**Exercise**.
When you write out the listing, keep each word exactly as it stands but include none of its images.

**Supplied information**.
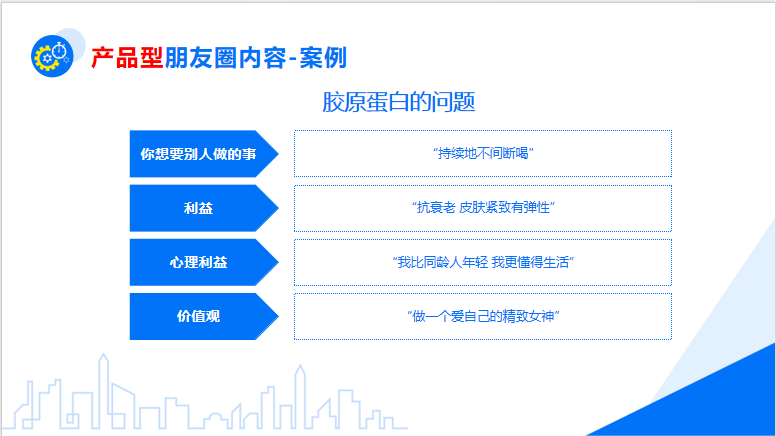 產品型朋友圈目的在于讓粉絲相信你的產品并且想要購買你的產品,而發布的底層邏輯就在于販賣焦慮,同時解決方案和未來期望,一種方法是站在用戶視角分析買的原因或不買的阻礙,另一種圍繞產品本身,展開使用功能上需要強調的關鍵點。具體可以進行產品介紹、產品功能、產品搭配及活動介紹等。
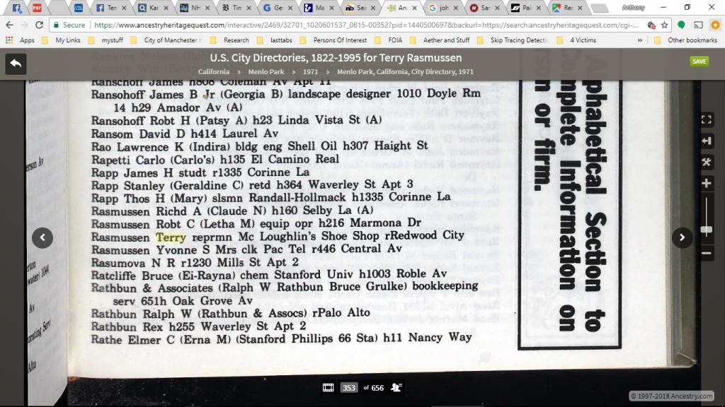 Correct me if I am wrong, TR resurfaced in 1984 in CA but it's unknown when he actually arrived in CA. My understanding is that his whereabouts are unknown until from Nov. '81 in NH until 1984 in CA.
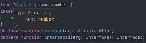 此外,接口创建了一个新的名字,可以在其它任何地方使用。 类型别名并不创建新名字—比如,错误信息就不会使用别名。 在下面的示例代码里,在编译器中将鼠标悬停在interfaced上,显示它返回的是Interface,但悬停在aliased上时,显示的却是对象字面量类型。

**Solution to this exercise**.
 產品型朋友圈目的在于讓粉絲相信你的產品并且想要購買你的產品,而發布的底層邏輯就在于販賣焦慮,同時解決方案和未來期望,一種方法是站在用戶視角分析買的原因或不買的阻礙,另一種圍繞產品本身,展開使用功能上需要強調的關鍵點。具體可以進行產品介紹、產品功能、產品搭配及活動介紹等。
 Correct me if I am wrong, TR resurfaced in 1984 in CA but it's unknown when he actually arrived in CA. My understanding is that his whereabouts are unknown until from Nov. '81 in NH until 1984 in CA.
 此外,接口创建了一个新的名字,可以在其它任何地方使用。 类型别名并不创建新名字—比如,错误信息就不会使用别名。 在下面的示例代码里,在编译器中将鼠标悬停在interfaced上,显示它返回的是Interface,但悬停在aliased上时,显示的却是对象字面量类型。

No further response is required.